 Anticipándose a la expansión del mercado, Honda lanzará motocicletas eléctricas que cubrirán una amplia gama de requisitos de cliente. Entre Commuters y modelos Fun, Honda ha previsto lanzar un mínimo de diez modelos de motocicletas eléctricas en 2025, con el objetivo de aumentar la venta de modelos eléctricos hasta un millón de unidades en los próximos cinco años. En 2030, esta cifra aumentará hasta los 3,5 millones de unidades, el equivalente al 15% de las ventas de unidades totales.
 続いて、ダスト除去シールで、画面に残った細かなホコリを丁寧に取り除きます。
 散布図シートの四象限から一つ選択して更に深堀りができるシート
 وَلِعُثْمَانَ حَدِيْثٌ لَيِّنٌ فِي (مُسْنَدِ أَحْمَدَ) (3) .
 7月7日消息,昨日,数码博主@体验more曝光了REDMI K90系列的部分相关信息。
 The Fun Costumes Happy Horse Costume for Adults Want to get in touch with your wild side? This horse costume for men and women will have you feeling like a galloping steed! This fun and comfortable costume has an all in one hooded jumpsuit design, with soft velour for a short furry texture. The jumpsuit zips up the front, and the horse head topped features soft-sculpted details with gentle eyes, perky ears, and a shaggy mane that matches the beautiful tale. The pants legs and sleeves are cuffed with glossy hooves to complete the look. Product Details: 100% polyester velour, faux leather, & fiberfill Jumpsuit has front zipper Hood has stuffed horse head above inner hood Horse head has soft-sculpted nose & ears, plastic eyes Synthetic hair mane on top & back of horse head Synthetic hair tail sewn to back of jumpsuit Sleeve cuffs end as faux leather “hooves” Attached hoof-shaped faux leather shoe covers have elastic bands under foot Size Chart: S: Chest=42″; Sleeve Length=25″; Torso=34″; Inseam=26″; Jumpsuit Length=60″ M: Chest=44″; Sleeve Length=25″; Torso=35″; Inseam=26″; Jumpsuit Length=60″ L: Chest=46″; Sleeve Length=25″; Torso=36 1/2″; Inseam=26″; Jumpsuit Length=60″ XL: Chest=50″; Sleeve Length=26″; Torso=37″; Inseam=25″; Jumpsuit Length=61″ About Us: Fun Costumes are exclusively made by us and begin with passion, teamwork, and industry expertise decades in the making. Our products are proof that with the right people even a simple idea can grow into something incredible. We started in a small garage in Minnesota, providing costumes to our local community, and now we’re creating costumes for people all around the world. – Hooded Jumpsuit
* * * * * * *
Action item: Which lines belong in the answer? Exactly those from the first line of the entries through the line holding "7月7日消息,昨日,数码博主", inclusive, copied unchanged.

Response box:
 Anticipándose a la expansión del mercado, Honda lanzará motocicletas eléctricas que cubrirán una amplia gama de requisitos de cliente. Entre Commuters y modelos Fun, Honda ha previsto lanzar un mínimo de diez modelos de motocicletas eléctricas en 2025, con el objetivo de aumentar la venta de modelos eléctricos hasta un millón de unidades en los próximos cinco años. En 2030, esta cifra aumentará hasta los 3,5 millones de unidades, el equivalente al 15% de las ventas de unidades totales.
 続いて、ダスト除去シールで、画面に残った細かなホコリを丁寧に取り除きます。
 散布図シートの四象限から一つ選択して更に深堀りができるシート
 وَلِعُثْمَانَ حَدِيْثٌ لَيِّنٌ فِي (مُسْنَدِ أَحْمَدَ) (3) .
 7月7日消息,昨日,数码博主@体验more曝光了REDMI K90系列的部分相关信息。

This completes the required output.